Prof. Rajiva Wijesinha
I kept trying, but Mahinda was not interested at all, and had no idea about how to conduct international relations. Sadly, his Foreign Minister was hanging around behind Namal, and proved incapable of independent thought, in his anxiety to gain further promotion. And given that I was about the only person the international community, that was not prejudiced, took seriously – I refer to the ICRC and the Japanese with whom I continued to work, and, indeed, the Americans, until the Ambassador was bullied by her doctrinaire political affairs officer into active undermining of the Rajapaksas – there was much jealousy, so I was shut out from any influence.
But even the admirable effort, headed by Godfrey Gunatilleke, was not properly used.
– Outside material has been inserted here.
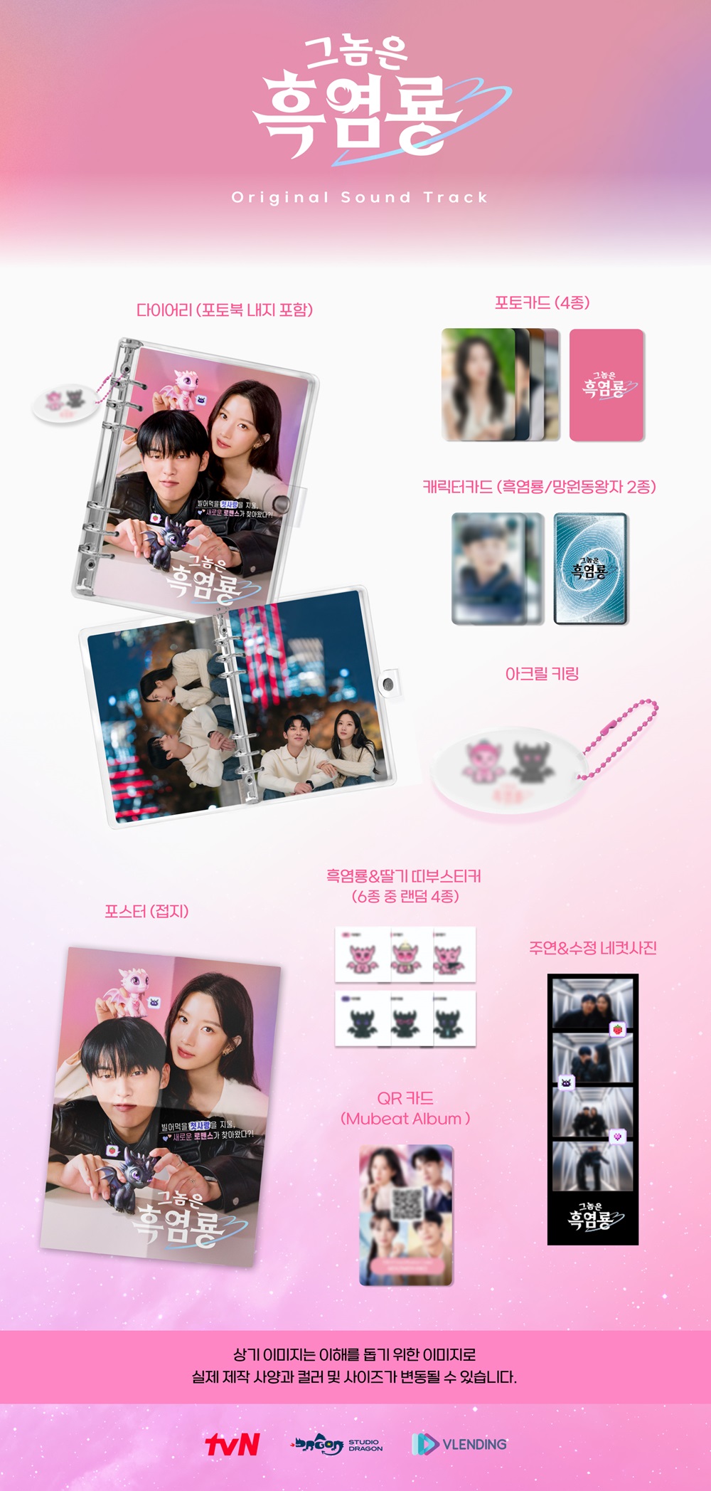 흑역사에 고통받는 ‘본부장 킬러’ 팀장 백수정(문가영 분)과 가슴에 흑염룡을 품은 ‘재벌 3세’ 본부장 반주연(최현욱 분)의 봉인해제 로맨스를 그린 혜진양 작가의 동명의 인기 웹툰 원작 드라마 ‘그놈은 흑염룡’ (연출 이수현/극복 김수연/제작 스튜디오N/기획 스튜디오드래곤)의 Original Television Soundtrack Mubeat Album이 발매된다.
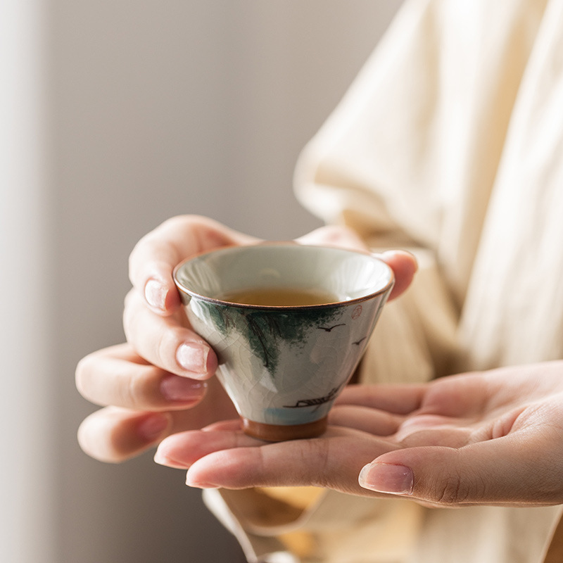 アイスフレーク釉薬手描き闘笠カップ中国式清新品茗杯家庭用事務茶器単杯カップカップ

Mahinda Rajapaksa seemed to me more concerned with providing joy rides for people rather than serious counter measures, and representation in Geneva turned into a joke, with him even undermining Tamara Kunanayagam, who, when he supported her, scored a significant victory against the Americans, in September 2011. The Ambassador, who had been intriguing with her predecessor, then told her they would get us in March, and with a little help from their friends here, they succeeded.
Q:
As the writer pointed out in his comment on Wickremesinghe’s controversial Al Jazeera interview, the former Commander-in-Chief failed to mention critically important matters that could have countered Hasan’ s line of questioning meant to humiliate Sri Lanka?
A:
How could you have expected that, since his primary concern has always been himself, not the country, let alone the armed forces?
Q:
Do you agree that Western powers and an influential section of the international media cannot stomach Sri Lanka’s triumph over separatist Tamil terrorism?
A:
There was opposition to our victory from the start, but this was strengthened by the failure to move on reconciliation, creating the impression that the victory against the Tigers was seen by the government as a victory against Tamils. The failure of the Foreign Ministry to work with journalists was lamentable, and the few exceptions – for instance the admirable Vadivel Krishnamoorthy in Chennai or Sashikala Premawardhane in Canberra – received no support at all from the Ministry establishment.
Q:
A couple of months after the 2019 presidential election, Gotabaya Rajapaksa declared his intention to withdraw from the Geneva process. On behalf of Sri Lanka that announcement was made in Geneva by the then Foreign Minister Dinesh Gunawardena, who became the Premier during Wickremesinghe’s tenure as the President. That declaration was meant to hoodwink the Sinhala community and didn’t alter the Geneva process and even today the project is continuing. As a person who had been closely involved in the overall government response to terrorism and related matters, how do you view the measures taken during Gotabaya Rajapaksa’s short presidency to counter Geneva?
A:
What measures? I am reminded of the idiocy of the responses to the Darusman report by Basil and Gotabaya Rajapaksa, who went on ego trips and produced unreadable volumes trying to get credit for themselves as to issues of little interest to the world. They were planned in response to Darusman, but when I told Gotabaya that his effort was just a narrative of action, he said that responding to Darusman was not his intention. When I said that was necessary, he told me he had asked Chief-of-Staff Roshan Goonetilleke to do that, but Roshan said he had not been asked and had not been given any resources.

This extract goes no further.